Propagation based phase retrieval of simulated intensity measurements using artificial neural networks

TL;DR

This paper explores using artificial neural networks to enhance the accuracy of propagation-based phase retrieval from simulated intensity measurements, addressing errors from noise, misalignment, and artifacts.

Contribution

The study introduces a neural network approach to improve phase retrieval accuracy in simulated microscopy data, building on existing propagation methods.

Findings

Significant reduction in phase error using neural networks

Effective training with pairs of retrieved and exact phases

Potential for extending to real experimental data

Abstract

Determining the phase of a wave from intensity measurements has many applications in fields such as electron microscopy, visible light optics, and medical imaging.
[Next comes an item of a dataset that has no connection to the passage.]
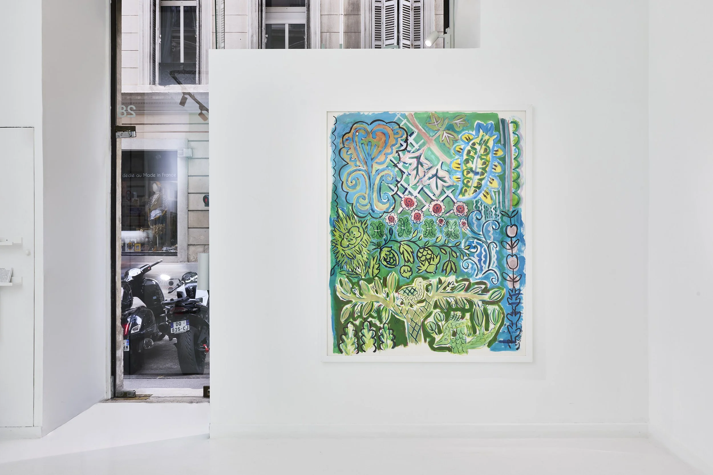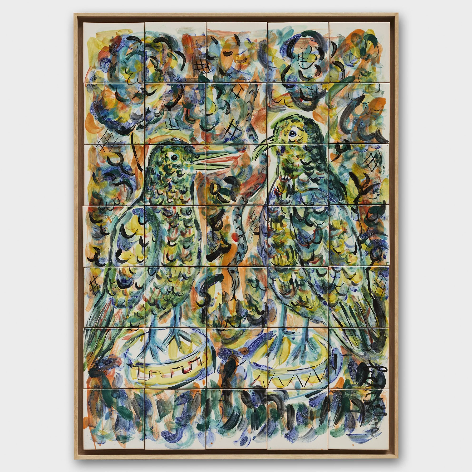 Bela Silva has created several public art projects, notably her surreal and joyful murals made of azulejo tilework for the Alvalade metro station in Lisbon. Inspired by the Portuguese traditional oral tale “the monkey with the short tail, who made a razor out of his tail, and a sardine out of a razor...”, the mural features a monkey pulling a long rope that is being held by seven women dressed in belle époque period clothing. Another detail shows a monkey walking past a woman with scissors. On another panel, the theme of the night is visually translated by the owl, a mysterious animal, a silent voyeur. Bold colours, rhythmic shapes, dancing women, playful monkeys, and flying dragonflies join forces to recount a folktale that incites us to think of other endings to the story. Bela Silva’s use of azulejos is not exclusively applied to large public works, many of her compositions come in different sizes and have an intimate character, such as the series of three wall ceramics (each less than one meter high) shown in the context of the Limonada exhibition at the Double V Gallery in Marseille. Here, birds merge with flowers in a composition that reminds us that nature is made as much of harmony as of tension.

Propagation based phase retrieval, where the phase is obtained from defocused images, has shown significant promise. There are, however, limitations in the accuracy of the retrieved phase arising from such methods. Sources of error include shot noise, image misalignment, and diffraction artifacts. We explore the use of artificial neural networks (ANNs) to improve the accuracy of propagation based phase retrieval algorithms applied to simulated intensity measurements. We employ a phase retrieval algorithm based on the transport-of-intensity equation to obtain the phase from simulated micrographs of procedurally generated specimens. We then train an ANN with pairs of retrieved and exact phases, and use the trained ANN to process a test set of retrieved phase maps. The total error in the phase is significantly reduced using this method. We also discuss a variety of potential extensions to this work.